About RWW

Jen Thorpe, feminism, writing

My name is Jen. I’m a writer of fiction, non-fiction, and poetry. I was born in South Africa and I live in Cape Town, South Africa. I have always believed in the power of writing, and in women. I believe in feminism like good catholics believe in the pope.

After attending a ten-day long writers workshop in Uganda (hosted by the AWDF and FEMRITE) I realised that I wanted and needed to read more writing from African women writers. I was inspired by the writers who attended and facilitated the workshop (read more about these women here – they will blow your mind).

I needed it because it was in line with my feminist principles to hear women’s stories from women. I needed it because my education had centred around famous books written by famous (mostly white) men. I needed it because I want to learn more about the African continent through the eyes of other African women like myself.

In our goodbyes in Uganda, I promised that I wasn’t going to read any fiction written by anyone except for African women for a year.

I began this project on 1 September 2014, and the official project will end on 31 August 2015. However, I know that after this year, I probably won’t need or want to read anything but African women’s fiction ever again.

On this blog I’ll be posting reviews of African women’s fiction, profiling African women writers, and sharing opportunities for writing for women on the African continent. I’ll be sharing some of my writing and reflecting on how my writing practice is going. I also hope to provide a space for African women writers to connect, to share material, and to learn from one another. I might not post new content every day, but I hope I will post it often.

If you’re an African women writer, and would like to be profiled, or would like to send your book to be read, get in touch in the comments section below.



9 thoughts on “About RWW

  1. Hi Jen !
    Congrats on such a wonderful idea. It is very inspiring and educational. Kindly profile me too. I am an African woman writer who has written a book on the stories of my women clients that I had counselled from 1994 to 2010. The stories are on loss & trauma, reflecting what they went through and how they handled their losses. My book is titled” The stories of loss: You are not alone”. It is available in all Exclusive Books”.I am also an Alumni based in Bloemfontein. I hope I fit your criteria.I would be soo happy to be profiled too. All the best with your project. Regards: Shirley


    1. Dear Shirley,

      Thanks for the positive feedback. I don’t have any budget for running the project so I’m going to go and look for your book in my local library. I hope to review it soon!

      Have a great week.


  2. Hi Jen,

    Thank you for the great project. I read The Kaya Girl after your review and I’m hoping to start reading Pumpkin Seeds and Other Gifts, next. Would you please profile me too. I’m a South African writer and have recently published my first anthology titled, Black Women Be Like.
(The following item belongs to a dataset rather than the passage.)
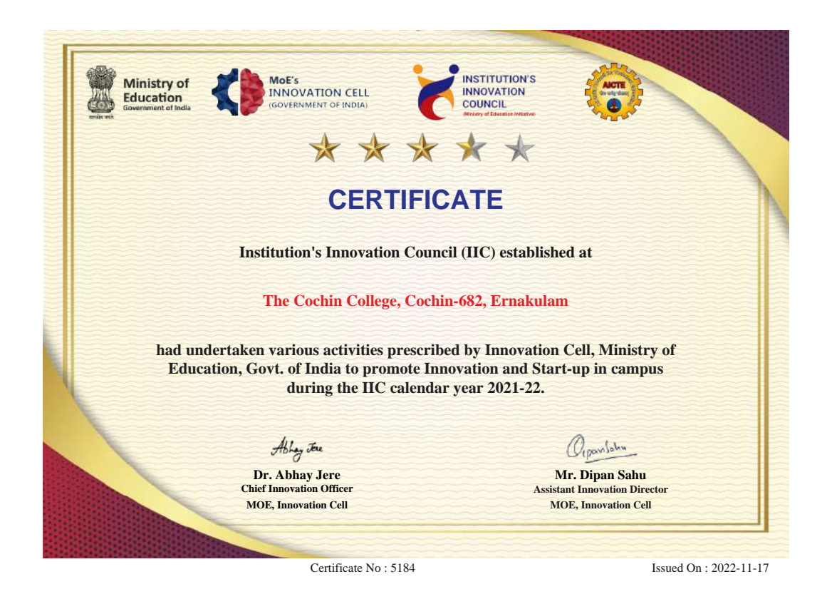
Figure 4: Caption for the photo

Website: www.thecochincollege.edu.in email: email@thecochincollege.edu.in

The title is a play on memes circulating social media stereotyping black woman. The book is a cheeky and sometimes poignant take on the experiences of black African women, particularly in South Africa. The women in the book drink beer with men who ask for their advice. They are accused of witchcraft because of their success. Some of the women would rather their husbands played golf, while their sons played rugby because it’s “a game of hooligans played by gentlemen”. The women are well traveled and educated and not, they are lovers of men and women. They are rich and poor. And they enjoy loud and quiet conversations with their sisters talking about their grandchildren who attend a special school to learn their indigenous home language.
    Black Women Be Like is available on Amazon. I can send you a reviewers copy.
    The book and the series aim to challenge stereotypes about black women, particularly in Africa through stories and works produced by these women. The books and works to follow will come come from all six African regions over the 2014/2015 year.


  3. Dear Jen

    I would be pleased to send you copies of my books for you to read and review. I will take the liberty of using the email address in your above comment to send you more details – links to reviews, book trailers dedicated websites, so you can see what my books are about and decide whether you would like copies of all, or any, to read and review when you have time.
    Best wishes
    Judy Croome
    South Africa


  4. Hi Jen, thank you so much for the lovely reading and review of A Million Miles from Normal. I kind of feel like you really ‘got’ the book, which is such a compliment to any author. I’d really love to send you a copy of my latest book Pens Behaving Badly, if you don’t have a copy already? Email me your postal address to amillionmilesfromnormal@gmail.com and I’ll get it off to you asap. And thanks again. What you’re doing is amazing. x


  5. Hey Jen,
    I have been reading through your blog and love your insights! I’m also doubly excited that you’re providing a great resource for seekers to peruse the writings of African women. I myself am a Nigerian-American author who’s preparing to release my debut full-length feudal Fantasy novel “The Ivory Staff” on October 23, 2015 through Library Tales Publishing (librarytales.com). Wrapped in an epic, dark fairy tale, The Ivory Staff touches on African culture and modern feudalism through the life of a peasant girl who falls into the winings and dinings of the rich, powerful and dangerous as she attempts to cultivate justice. I would absolutely love to discuss further the possibility of getting you an Advanced Review Copy of the novel for your possible review, interview or feature.